The writers, producers, and director of The Exorcist: Believer deserve some credit for working hard not to exclude or offend anyone with their new take on demonic possession. In the process, though, they seem to have lost touch with the first principle of what makes horror so horrifying in the first place. As Kristeva points out, the power of horror lies in its very ability to upset and transgress moral and political boundaries, courting fear and revulsion in equal measure.

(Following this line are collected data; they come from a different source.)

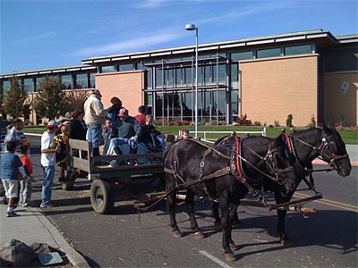 The Harvest Festival, which featured hayrides, attracted more than 1,000 people on Saturday, Oct. 25. There was a significant focus this year on sustainability, featuring cornstarch products used at the sampling tables (pumpkin recipes); no printed agendas or maps were used as information was disseminated via several large signs; reusable products were utilized throughout the event minimizing use of disposables and therefore minimizing the impact on the waste stream; and tours were given throughout the day highlighting the kitchen waste-to-worm bin-garden loop.
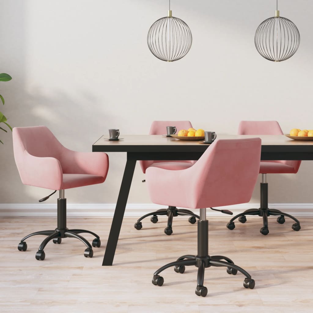 vidaXL Snurrbara matstolar 4 st rosa sammet
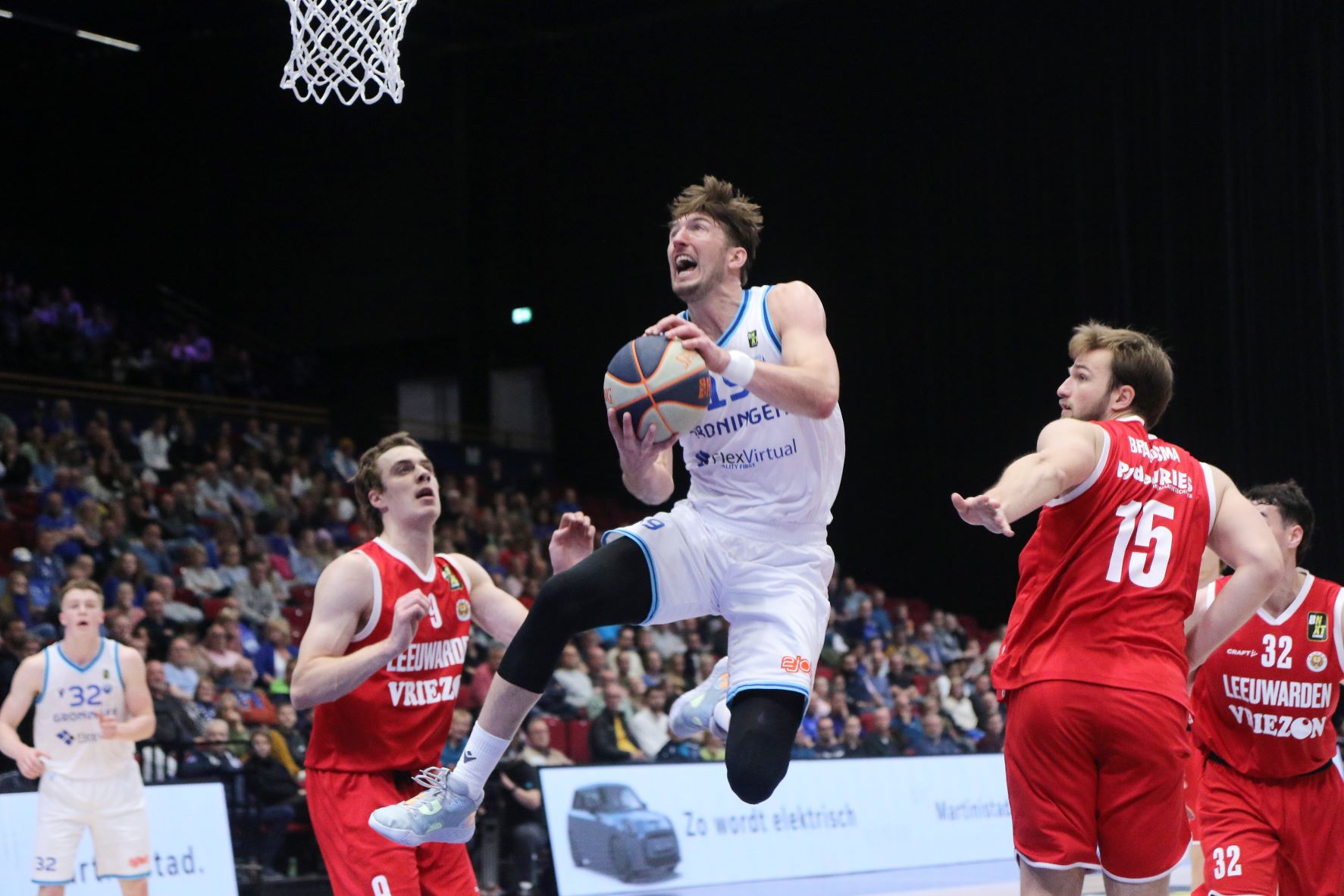 Donar-speler Willem Brandwijk onderweg naar de basket (foto: Gerrie van der Boom - FotoKlick Fotografie)
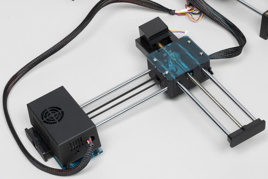 На левом боку основания расположен двигатель и имеются выступы для держателя катушки с нитью, справа можно закрепить блок управления. Заметны концевые датчики — обычные механические «микрики».
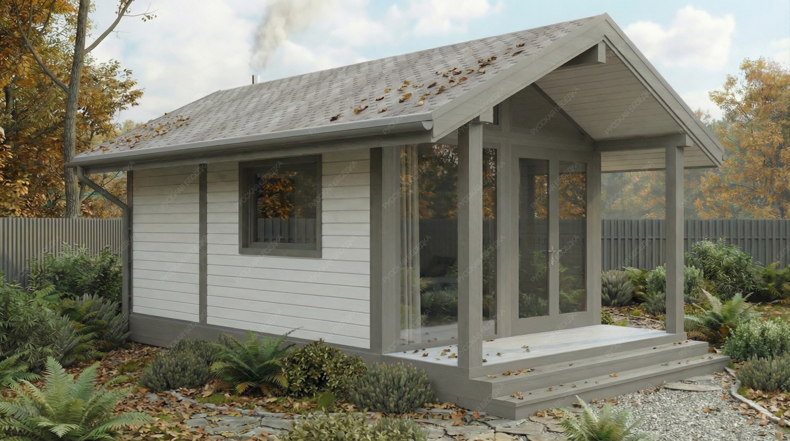 Огнебиозащита (бесцветная) или декоративный деревозащитный состав "Здоровый дом" (цвет на выбор) – нижняя обвязка, лаги, пол и цокольная доска.
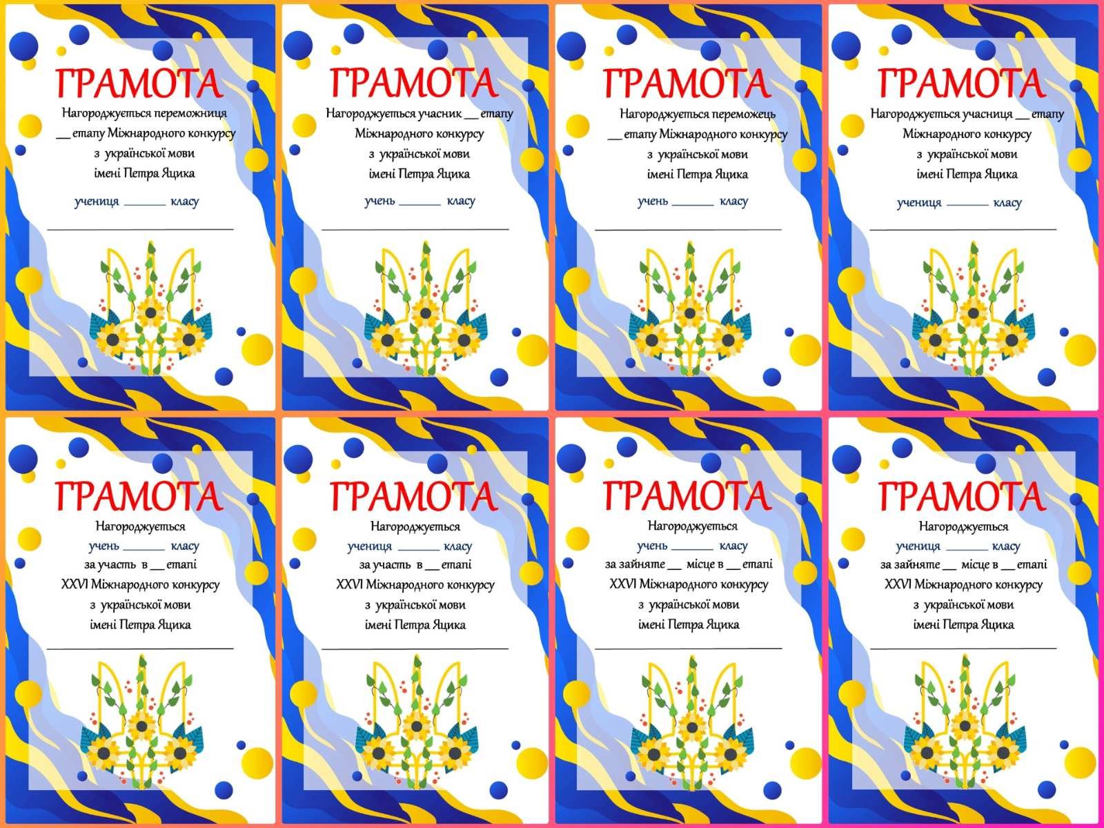 Є три варіанти оформлення, для учнів початкової школи та для учнів старшої школи. Грамоти для учасників та учасниць, для переможців та переможниць. Також є варіант де можна вписати яке місце зайняла дитина, та який це етап конкурсу.

According to internet rumour, yet another possession film is already in planning (that would be the seventh Exorcist sequel); but perhaps one good thing about all these films is that they inspire you to revisit the original. Like all the films I’ve mentioned, The Exorcist is currently accessible on streaming platforms. But be warned. Fifty years on, that film still has the real power of horror to make you think deeply and scare the hell out of you at the same time.

© Dr Susan Hopkins 2024

Susan Hopkins is an associate professor of academic communication at UniSQ College at the University of Southern Queensland, Australia. She holds a PhD in social science, and a Masters in education.